**EXERCISE DIRECTIONS**
Restate exactly, and only, the lines from the one with "имя необходимого шаблона." through the end of the data, with both of those end lines kept. Drop any pictures.
────────────────────
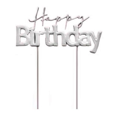 Measuring an impressive 12.5cm wide, this topper is made from metal and features 'Happy Birthday' wording.
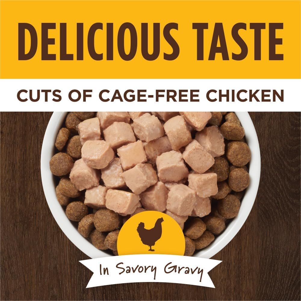 NATURAL WET DOG FOOD TOPPER WITH SAVORY GRAVY: Grain free cuts of cage free chicken in a savory gravy. Made without grain, potato, corn, wheat, soy, carrageenan, artificial colors or preservatives – ingredients known to trigger food sensitivities.
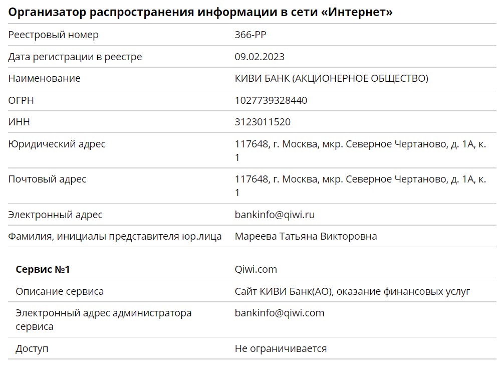 Роскомнадзор внёс сайт электронной платежной системы Qiwi в реестр организаторов распространения информации. Сайт электронной платежной системы Qiwi (qiwi.com) с 9 февраля 2023 года внесли в реестр организаторов распространения информации, следует из самого реестра. Это означает, что теперь Qiwi должна хранить сведения о всех действиях и взаимодействиях пользователей и передавать их силовикам по требованию.
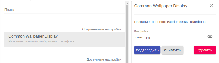 • Настройте конфигурацию Common.Wallpaper.Display, укажите имя необходимого шаблона.
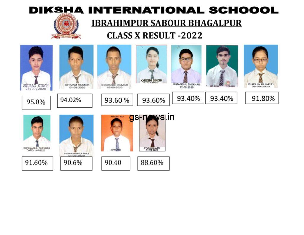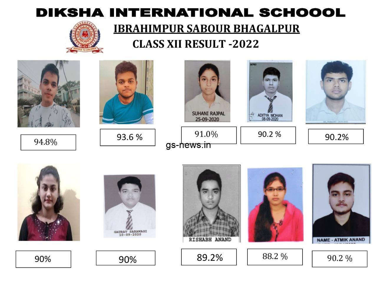 विदित हो कि दीक्षा के कुल 251 बच्चों ने 12वीं तथा 345 बच्चों ने परीक्षा दी थी जिसमे 195 बच्चों ने 12वीं में अच्छे अंकों के साथ सफलता का परचम लहराया एवम 10वीं में 343 बच्चों ने पूर्ण सफलता हासिल की। सर्वाधिक अंक पाने वाले 12वीं की छात्र छात्राएं हैं-नीतीश कुमार 95%, प्रियांशु कुमार-94 %, सुहानी राज- 91%, आदित्य मोहन – 90.2%, मुहम्मद अरसलान 90.2%, मुस्कान कुमारी 90%, गौरव सरावगी 90.2%, ऋषभ कुमार 89% सोनम 88.2%, आत्मिक आनंद 88% साथ ही 10वीं के बच्चे जिन्होंने विद्यालय में अधिकतम अंक पाया वे हैं – अनुराग सिंह- 95%, शिवम कुमार- 94.2%, खुशी कुमारी 93.6%, सौरभ कुमार 93.6%, मुहम्मद इरफान- 93.4% स्नेह भारती – 92%, सुधांशु शेखर- 91.6%, हिमांशु राज 91%, रितेश राज- 90.4%, आयुषी कुमारी – 88.6% सभी बच्चों के अभिभावकों ने दीक्षा परिवार की प्रशंसा की और कहा कि बच्चों के लगन और विद्यालय की अच्छी पढ़ाई के कारण ही हर वर्ष दीक्षा के बच्चे अच्छी सफलता प्राप्त कर रहे है। यही कारण है कि यह विद्यालय 10वीं एवम +2 के बच्चों की पहली पसंद बन चुका है।
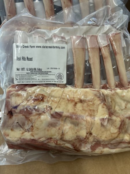 This is a show stopper veal roast coming from the rib section. The bones have been frenched and the chine bone...
────────────────────
**SOLUTION TO THIS EXERCISE**
 • Настройте конфигурацию Common.Wallpaper.Display, укажите имя необходимого шаблона.
 विदित हो कि दीक्षा के कुल 251 बच्चों ने 12वीं तथा 345 बच्चों ने परीक्षा दी थी जिसमे 195 बच्चों ने 12वीं में अच्छे अंकों के साथ सफलता का परचम लहराया एवम 10वीं में 343 बच्चों ने पूर्ण सफलता हासिल की। सर्वाधिक अंक पाने वाले 12वीं की छात्र छात्राएं हैं-नीतीश कुमार 95%, प्रियांशु कुमार-94 %, सुहानी राज- 91%, आदित्य मोहन – 90.2%, मुहम्मद अरसलान 90.2%, मुस्कान कुमारी 90%, गौरव सरावगी 90.2%, ऋषभ कुमार 89% सोनम 88.2%, आत्मिक आनंद 88% साथ ही 10वीं के बच्चे जिन्होंने विद्यालय में अधिकतम अंक पाया वे हैं – अनुराग सिंह- 95%, शिवम कुमार- 94.2%, खुशी कुमारी 93.6%, सौरभ कुमार 93.6%, मुहम्मद इरफान- 93.4% स्नेह भारती – 92%, सुधांशु शेखर- 91.6%, हिमांशु राज 91%, रितेश राज- 90.4%, आयुषी कुमारी – 88.6% सभी बच्चों के अभिभावकों ने दीक्षा परिवार की प्रशंसा की और कहा कि बच्चों के लगन और विद्यालय की अच्छी पढ़ाई के कारण ही हर वर्ष दीक्षा के बच्चे अच्छी सफलता प्राप्त कर रहे है। यही कारण है कि यह विद्यालय 10वीं एवम +2 के बच्चों की पहली पसंद बन चुका है।
 This is a show stopper veal roast coming from the rib section. The bones have been frenched and the chine bone...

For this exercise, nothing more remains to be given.